Below, find the line containing "Qahramon bir nechta" and the line containing "Nゲージサイズの31ftコン"; reproduce exactly those two and every line between them, omitting pictures.

→ **Provided records**
--

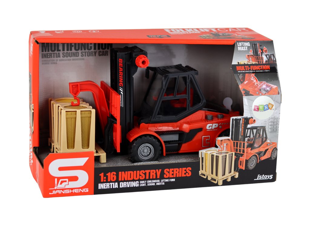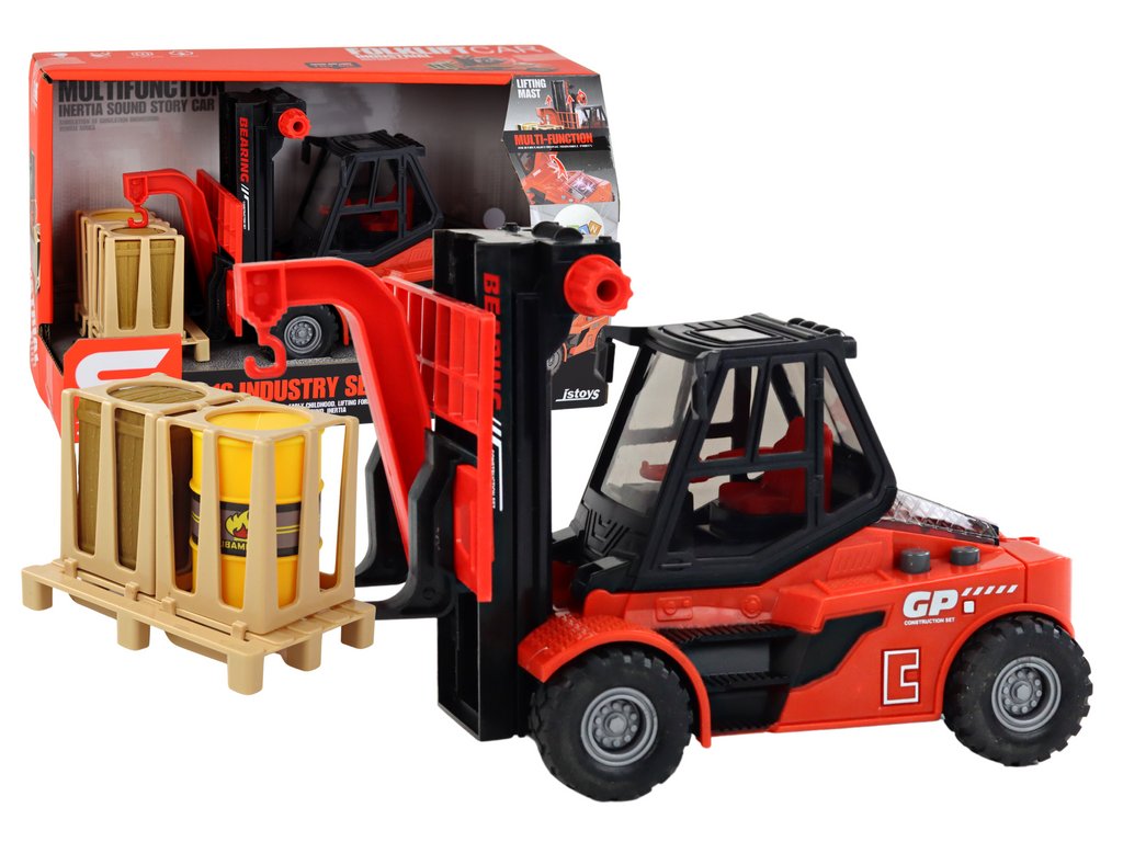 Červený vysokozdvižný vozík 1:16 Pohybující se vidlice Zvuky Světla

--

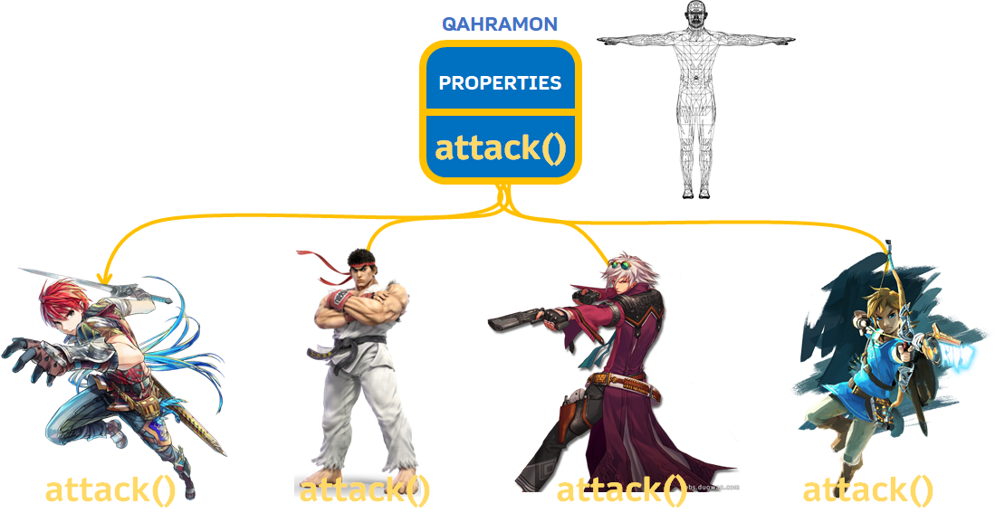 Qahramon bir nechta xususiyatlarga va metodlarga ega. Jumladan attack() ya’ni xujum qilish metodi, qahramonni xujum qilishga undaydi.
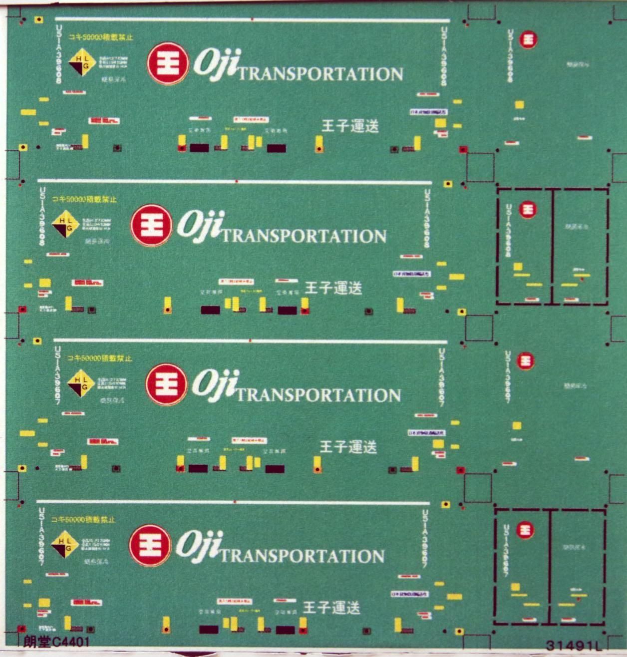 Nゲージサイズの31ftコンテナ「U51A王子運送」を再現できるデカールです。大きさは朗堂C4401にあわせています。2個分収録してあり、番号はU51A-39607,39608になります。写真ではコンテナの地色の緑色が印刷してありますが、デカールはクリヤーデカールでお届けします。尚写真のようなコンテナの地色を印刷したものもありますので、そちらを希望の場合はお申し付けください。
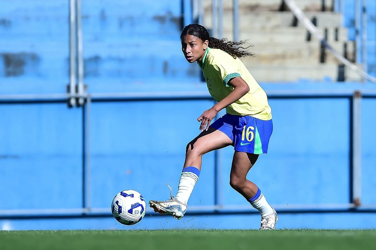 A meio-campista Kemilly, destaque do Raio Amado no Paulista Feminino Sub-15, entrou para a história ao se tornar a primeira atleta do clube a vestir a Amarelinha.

--

→ **Output for this task**
 Qahramon bir nechta xususiyatlarga va metodlarga ega. Jumladan attack() ya’ni xujum qilish metodi, qahramonni xujum qilishga undaydi.
 Nゲージサイズの31ftコンテナ「U51A王子運送」を再現できるデカールです。大きさは朗堂C4401にあわせています。2個分収録してあり、番号はU51A-39607,39608になります。写真ではコンテナの地色の緑色が印刷してありますが、デカールはクリヤーデカールでお届けします。尚写真のようなコンテナの地色を印刷したものもありますので、そちらを希望の場合はお申し付けください。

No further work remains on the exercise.